My Abah (daddy) would have been 62 today. If he had survived his heart attack 6 years ago.
Relishing his new-found life as a retiree opened up my Abah’s eyes to all the things that he wanted to do all of his life – travelling. And travelled he did. He went to see the old palaces in Jaipur, brought back a beautiful piece of bright fuschia-coloured saree for me and endless stories of his journey. He walked on the Great Wall Of China and had a great time marvelling at the ancient Tienamen Square. A few other foodie trips all the way to Thailand and Indonesia had made him a happy man indeed. He was a food-loving man as far as I could recall.
I grew up as a latchkey key and Abah and my mom had gone their separate ways. I was 18 when I first went out to the working life and refused to grap the opportunities presented to me to be a one-year exchange student in Australia, or take up the Proton scholarship to further my studies. Talk about being hard-headed.
I was already far away, heart and soul, from my Abah due to the divorce. I didnt understand why he was not with us. I was his Little Princess until my sister was born when I was 11 years old. I did not understand then that when two people fell out of love, they parted ways.
The year I decided to marry my then husband, I tracked him down all the way where he was posted. He was in Sarawak at that time. The first time I called in to his office, my heart was almost bursting with sadness and anticipation of talking to him again.
A flurry of phone calls were exchanged after that. Making up for time lost. And forgiveness. And acceptance. He was to be my “wali” to give me away during my wedding ceremony.
I found myself to have my Abah again after all these years of feeling lost. No words could describe my feelings.
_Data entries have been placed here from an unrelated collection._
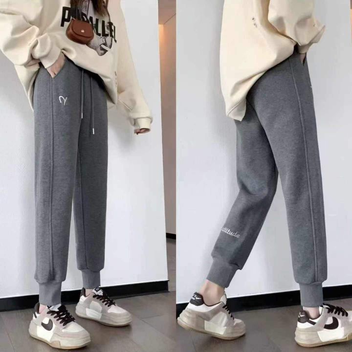 [月亮]:秋冬加绒小个子抽绳休闲束脚卫裤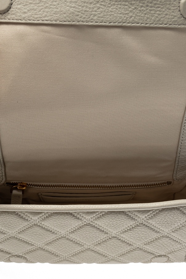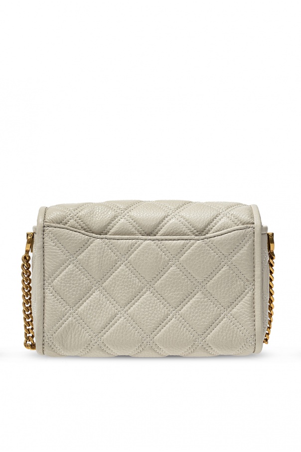 Beige quilted shoulder bag from Marc Jacobs (The). Crafted from leather, this design features a magnetic snap fastening, logo detail, chain shoulder strap, magnetic snap pocket at the back and gold-tone metal hardware. The interior is lined with beige fabric and includes a zip pocket and two card slots.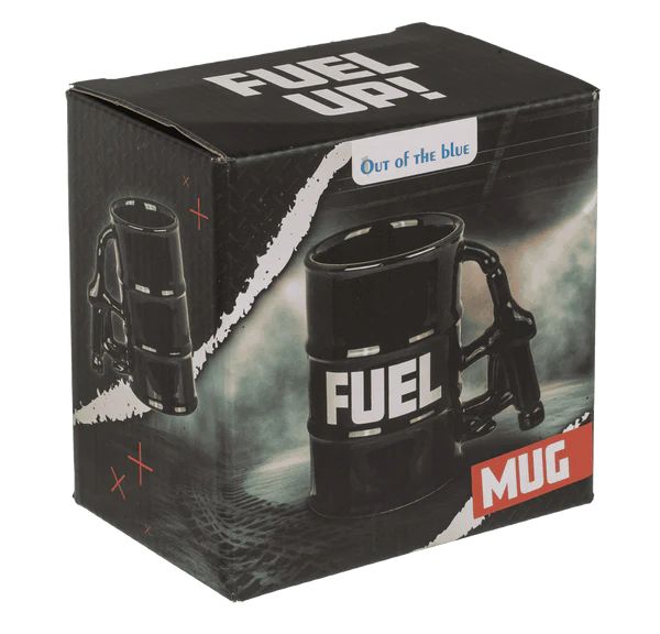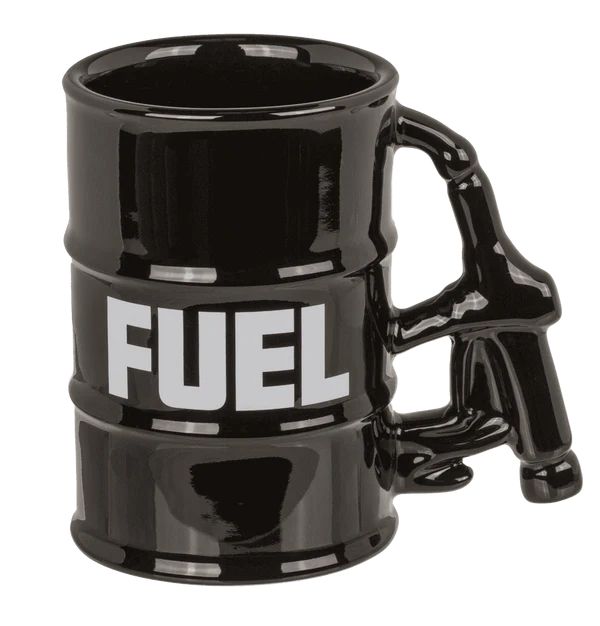 Запали деня си с чаша, която е на пълни обороти! Тази впечатляваща порцеланова чаша е създадена във формата на метален варел, а дръжката ѝ е като истински пистолет за зареждане на бензин – детайл, който придава автентичен и индустриален характер.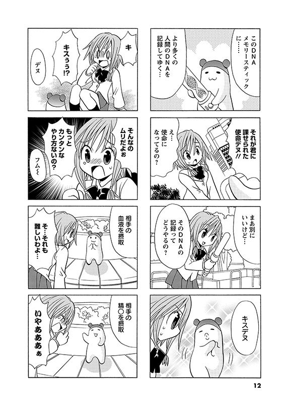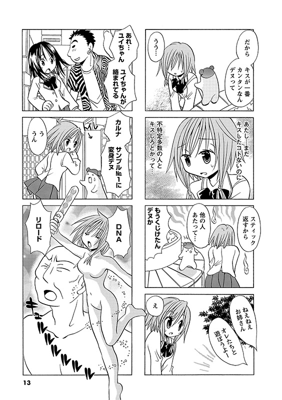 「月刊まんがタウン」にて好評連載していたドキドキ系4コマ。 ひょんなことから宇宙人デヌエと出会い、変身能力を得た女子高生カルナ。しかし、変身するには、その対象となる人物とキスをしてDNA情報を獲得しないといけないらしい…!?

Two years before his retirement approached, he asked for a transfer back to the Peninsular and was posted to his choiced location – Fraser’s Hills, where he was teaching till his last day as a Head Master. Those final years were filled with family trips to visit him. My daughter was very close to him. Abah had never allowed her to “jejak tanah” (walk on the ground) when he was with her, always being carried on his shoulder, and pampered to no end.
Abah passed away after a heart attack one Sunday evening. I was not with him at his final hour as he was back home in Raub, Pahang when it happened.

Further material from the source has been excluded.